Yates recruited volunteers to serve as neighborhood food champions. They were tasked with organizing a mini food drive among their immediate neighbors, rather than participating in a large city-wide undertaking. 

“Instead of asking residents to take on large areas or complicated commitments, she invited people to focus on their own streets and a few houses around them,” TOPSS Executive Director Sherry Martin explained in her nomination letter for Yates. “Once neighbors saw how easy it was to participate, more streets joined in.”

“By creating an area close to where the Champion resided,” TOPSS volunteer Bobbe Burke wrote out in her nomination letter, “it became possible to make a more personal appeal and spread the word about TOPSS.” 

Ultimately Yates was able to recruit 35 champions, who organized food drives on 75 different Oxford streets. Her nominees estimated that 5,100 food items were collected, and so many donations were received that they weren’t able to obtain a complete count.

Yates “single-handedly designed, coordinated and executed what has become one of the most impactful grassroots food collection efforts in our community,” according to Steve Large, one of her nominators. “Frances manages every aspect of this initiative: scheduling, route planning, advertising, fielding inquiries from neighbors and overseeing the collection and delivery of donations.”

Martin told the Oxford Free Press on Nov. 3 that TOPSS had been “busier than usual” as a result of families “bracing themselves” during uncertainty surrounding the Supplemental Nutrition Assistance Program (SNAP) program. 

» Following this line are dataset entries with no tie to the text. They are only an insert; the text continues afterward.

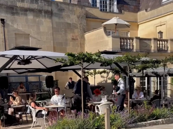 Our heated parasols are on standby if the evening warmth needs a little helping hand, or we'll move indoors if rain stops play.
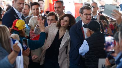 “¡Ayuso! ¡Ayuso!”, se escuchaba cuando los dirigentes del PP subían al escenario. “¡Presidente! ¡Presidente!”, se alentaba también a Feijóo. Luego, tras una breve intervención del alcalde de Madrid, José Luis Martínez Almeida, Ayuso y Feijóo han cargado contra la política exterior del Gobierno.
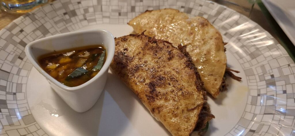 Not as many restaurants these days (yes, still missing John’s place), but I offered Swan three dining options all within a block of IDM: Jewel Cafe, Myleen’s, or Foodies. Swan chose Myleen’s because it has the best (and only) birria tacos in town.
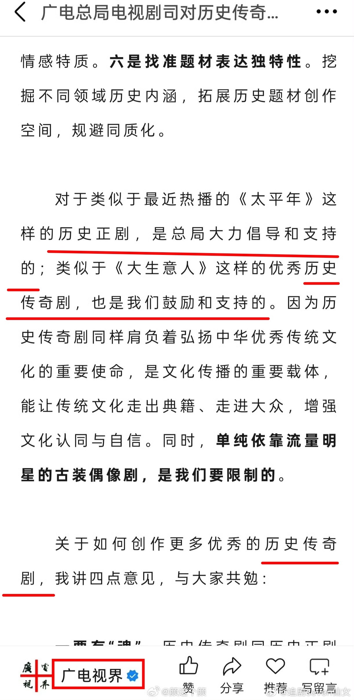 划重点,广电要大力倡导和支持历史正剧和历史传奇剧,限制单纯依靠流量的古偶。长剧需要更精品内涵更丰富一些,不是人人都能拍的了历史剧。在拍历史传奇剧,和未来待拍历史剧,期待下
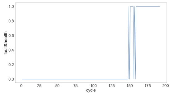 The first 30 healthy cycles for each engine were denoted as 0, and the final 30 degraded cycles were 1. Then, ExtraTreesClassifier was trained as a state detector. Taking engine 1 in FD001 as an example, as shown in Figure 9, the whole life of the engine was 192. The failure began to manifest at the 149 cycle. Then, the state of the engine 1 fluctuated frequently until about the 159 cycle and finally degraded. The result also confirms the effectiveness of Heimes’ assumption.
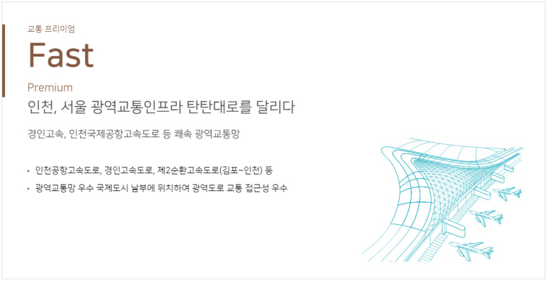 서울 강남 1시간대, 인천공항 20분대, 가산디지털단지 30분대 향후 교통 프리미엄 예상

TOPSS saw a 90% increase in the number of people receiving services in the last week of October, as well as a spike in financial and food donations and volunteers. On Nov. 3, she said food drop-offs had doubled from the usual two to three people who stop by daily, but the pantry was still running low.

“Frances created a dependable stream of donations during the exact months we needed them,” Martin reported. “(She) built a system, tested it, refined it, and kept it running. She never handed the burden back to the staff. She simply made sure it worked.”

“Frances is, without question, one of the most hardworking, generous, and determined volunteers I have ever had the privilege of knowing,” Large wrote. “She approaches her work with humility, reliability, and an unwavering commitment to service.” According to Martin, “her presence is steady, kind, and energizing.”

“Frances Yates represents what our community can be when someone chooses to act with purpose and heart,” Martin concluded in her nomination letter. “She saw a need. She designed a solution. She made it work. And she strengthened the community in the process.”